U.K. house prices rose for a second month in June, according to Halifax, which expects little change in values for the rest of the year.
Values increased 1 percent from the previous month, when they rose 0.4 percent, the mortgage unit of Lloyds Banking Group Plc (LLOY) said in a statement in London today. From a year earlier, prices were down 0.2 percent to an average 162,417 pounds ($253,200).
The U.K. property market has struggled to recover amid tight lending conditions that’s made it difficult to get a mortgage. The Bank of England, which is working on a new plan with the government to boost lending, will probably decide today to expand stimulus to stoke an economic recovery and keep its benchmark interest rate at a record low.
“Continuing low levels of mortgage payments relative to income and recent increases in employment may have helped support house prices so far this year,” Halifax economist Martin Ellis said. “We expect little change in prices and sales over the remainder of the year provided that the U.K.’s economic outlook does not deteriorate significantly.”
Over the past year, there have been six monthly price increases and six declines, based on Halifax data.
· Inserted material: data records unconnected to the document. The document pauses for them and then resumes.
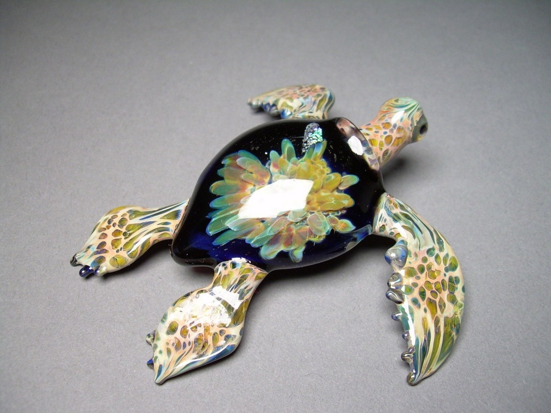 Lampwork Glass Sea Turtle With Ocean Shell Sculpture/pendant - Etsy
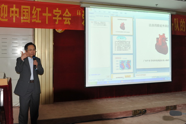2011年12月31日上午,中国红十字会“爱心工程”胡大一爱心志愿服务队先心病广西培训基地揭牌仪式首期培训在瑞康医院开班,卫生部健康教育首席专家、北京大学人民医院心脏中心主任、胡大一爱心志愿服务队发起人胡大一教授亲临授课并指导教学查房。来自全区各基层医院近200名医生参加了培训班。
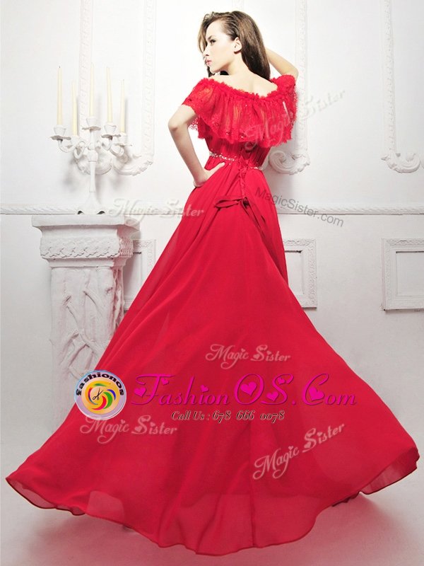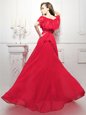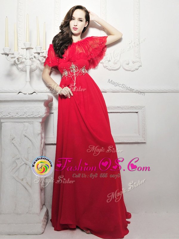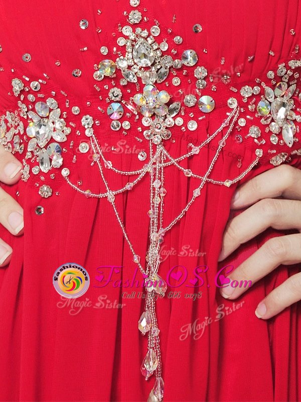 Home >  Prom Dresses >  Perfect Prom Dresses > Comfortable Beading Prom Dresses Red Zipper Sleeveless Sweep Train
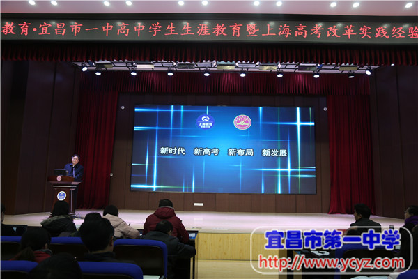 2018年1月13日,上海圆创教育﹒宜昌一中高中学生生涯教育暨上海高考改革实践经验大型公益报告会在我校学术报告厅召开。出席报告会的嘉宾有上海圆创科技有限公司总经理程稳、上海圆创生涯教育首席导师李萍教授、宜昌市教育局副局长翟志刚以及宜昌市教育战线各位领导和老师共计400余人,我校校长付全新作为嘉宾主持出席本次盛会。

In the second quarter, values fell 0.3 percent compared with the quarter through March and were down 0.5 percent from a year earlier.
Other recent data point to a slowdown in the housing market. Hometrack Ltd. said this week that property prices stopped rising in June for the first time in four months as economic uncertainty and a seasonal slowdown curtailed activity in a market that now faces “downward pressure.” Nationwide Building Society said prices fell 0.6 percent last month.
Mortgage approvals fell to 51,098 in May from 51,627 the previous month, the Bank of England said on July 3.
Policy makers will probably increase their bond-purchase program by 50 billion pounds to 375 billion pounds, according to the median estimate of 41 economists in a Bloomberg News survey. They’ll also hold the benchmark interest rate at 0.5 percent, according to a separate poll. The bank will announce the decisions at noon in London.